Dai “poteri forti” indicati all’inizio come ispiratori della campagna per il No referendario del 20 settembre ai tagli dei seggi delle Camere, voluti dai grillini addirittura per rigenerare il sistema parlamentare, siamo passati nella elaborazione culturale e politica del Fatto Quotidiano, con la prima pagina copertina di oggi, alla “Sinistra per Salvini (a sua insaputa)”. A insaputa cioè della sinistra, non di Salvini e della camicia strappatagli addosso in Toscana da una congolese che ha evidentemente preso sul serio la rappresentazione, di sinistra appunto, del leader leghista come del pericolo numero uno della democrazia italiana. A difesa dal quale, per quanto la sua Lega sia in calo nei sondaggi, il Parlamento è stato ingessato con tutti i guai idenditari e politici del principale partito che vi è rappresentato: il movimento 5 Stelle.

A convincere Marco Travaglio e la sua redazione a non poter più liquidare il No referendario alle Camere tagliate come un fenomeno di destra, per quanto la destra meloniana sia tutta per il Sì e la Lega e Forza Italia alquanto divise, sono stati un po’ i lettori, ai quali non si è potuto alla fine negare un certo spazio, con repliche stizzite del direttore in persona, e un po’ l’irruzione nella campagna di pezzi da novanta, o da ottantanove, ottantotto e qualcosa ancora in meno della sinistra. L’ultimo, in ordine di arrivo, è stato Roberto Saviano, che ha mandato addirittura a “cagare” – mi scuso anche per lui con chi legge – il segretario del Pd Nicola Zingaretti e quasi tutto il resto di quel “vapore acqueo” che sarebbe ormai il partito comprensivo dei resti del Pci e della sinistra democristiana, ma forse più di quest’ultima che dell’altro. Lo desumo da questa apodittica conclusione dei ragionamenti e delle proteste dello scrittore anti-camorra: “Meglio morire da piccoli che democristiani”.
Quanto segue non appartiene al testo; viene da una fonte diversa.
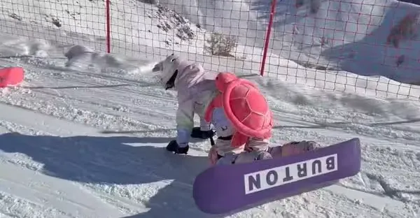 全紅嬋曬滑雪視頻!11秒10次摔倒,四腳朝天連滾帶爬,配文:好玩

Insieme a Saviano nell’odierna pagina copertina del Fatto contro i sostenitori del No referendario Marco Travaglio ha fatto sistemare Carlo De Benedetti, già titolare dichiarato della tessera numero uno del Pd, l’ex tesoriere dello stesso Pd Luigi Zanda, collaboratore di De Benedetti anche come editore del giornale Domani in arrivo nelle edicole, il direttore di Repubblica Maurizio Molinari, sfottuto negli editoriali del Fatto come Sambuca per l’omonimia di quella marca di liquore, e il leader delle “Sardine” Mattia Santori. Che fu iscritto d’ufficio a sinistra nelle piazze anti-Salvini affollate prima della pandemia e che deve essere sembrato temerario verniciare adesso di nero. Si preferisce considerare quella ittica, come si è detto, una sinistra inconsapevolmente al servizio dell’odiatissimo Salvini.

Il montaggio fotografico del quotidiano di Travaglio contro i No è motivato anche dall’esigenza di proteggere la maggioranza “giallorosa”, come al Fatto preferiscono colorare la coalizione di governo attualmente guidata da Giuseppe Conte dopo l’esperienza gialloverde. Il giallorosso è evitato non si sa se più per riguardo ai tifosi della squadra di calcio della Roma o per non darla vinta a Silvio Berlusconi, che anche dal suo letto d’ospedale considera quella attuale, sia pure ogni tanto aiutata con assenze al Senato dai suoi parlamentari, come comprensiva di ben quattro sinistre, e perciò “la più a sinistra nella storia d’Italia”.

Per ragioni non so se di spazio o di mancanza di foto, o di riguardo per l’ex segretario del Pd, manca nel fotomontaggio la figlia di Pier Luigi Bersani, del cui No referendario il padre si è appena doluto pubblicamente. Non oso chiedere della moglie farmacista.